Work to complete. Exact copies of all the lines below are wanted, without a single picture.
──────── Given records ────────
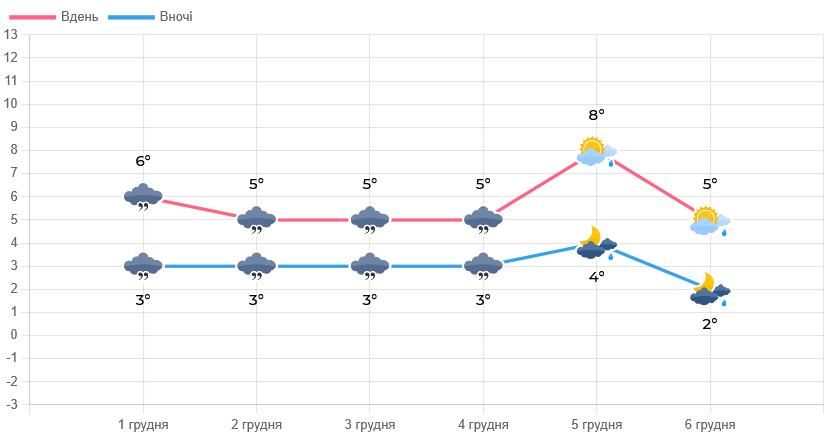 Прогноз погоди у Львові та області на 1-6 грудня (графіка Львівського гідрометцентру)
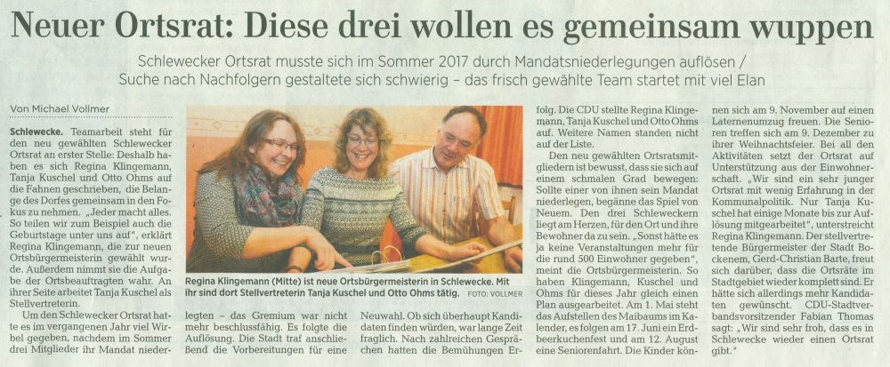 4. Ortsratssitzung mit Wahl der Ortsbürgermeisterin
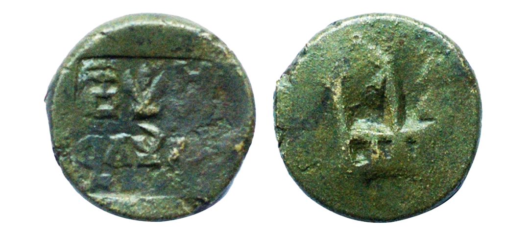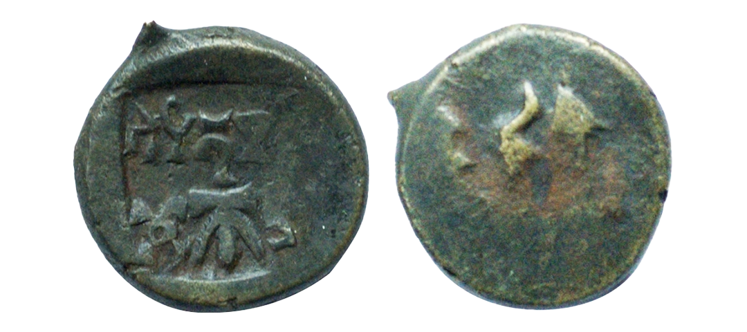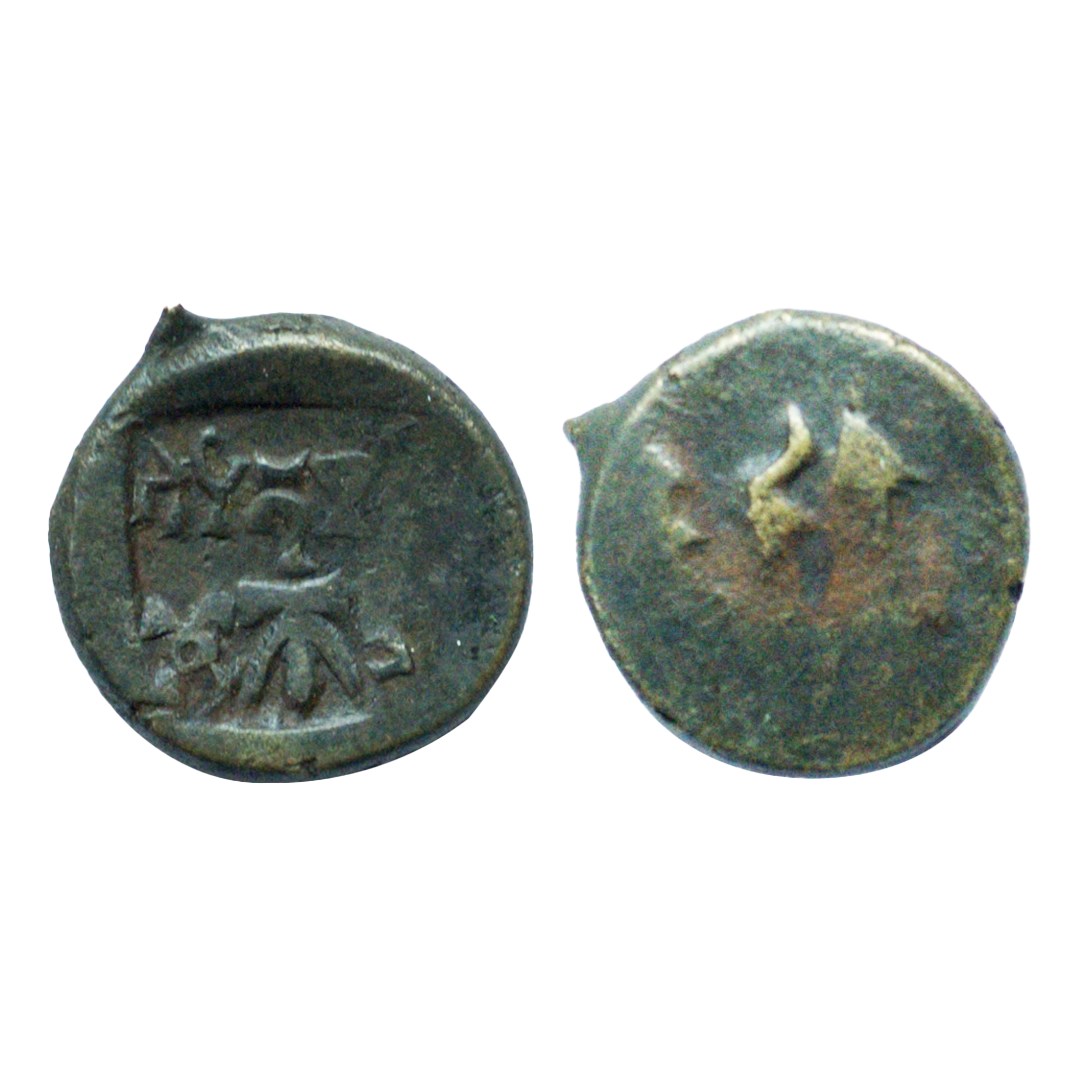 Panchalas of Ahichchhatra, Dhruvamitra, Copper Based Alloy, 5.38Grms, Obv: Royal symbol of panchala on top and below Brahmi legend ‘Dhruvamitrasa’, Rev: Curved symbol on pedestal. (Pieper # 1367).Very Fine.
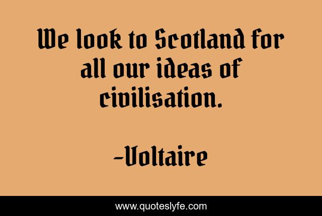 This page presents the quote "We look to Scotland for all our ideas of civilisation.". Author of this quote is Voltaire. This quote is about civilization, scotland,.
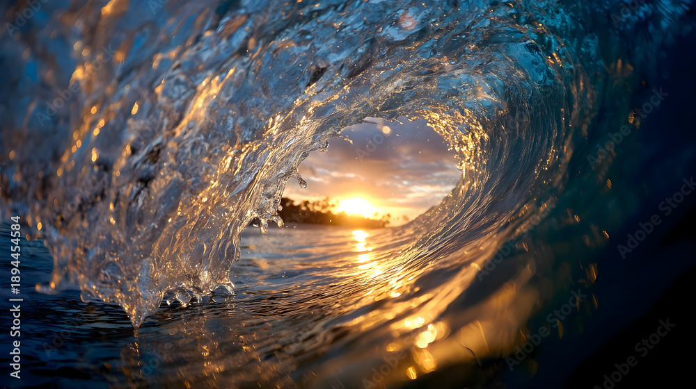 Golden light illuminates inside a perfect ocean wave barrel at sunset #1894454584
────────
Output below.
 Прогноз погоди у Львові та області на 1-6 грудня (графіка Львівського гідрометцентру)
 4. Ortsratssitzung mit Wahl der Ortsbürgermeisterin
 Panchalas of Ahichchhatra, Dhruvamitra, Copper Based Alloy, 5.38Grms, Obv: Royal symbol of panchala on top and below Brahmi legend ‘Dhruvamitrasa’, Rev: Curved symbol on pedestal. (Pieper # 1367).Very Fine.
 This page presents the quote "We look to Scotland for all our ideas of civilisation.". Author of this quote is Voltaire. This quote is about civilization, scotland,.
 Golden light illuminates inside a perfect ocean wave barrel at sunset #1894454584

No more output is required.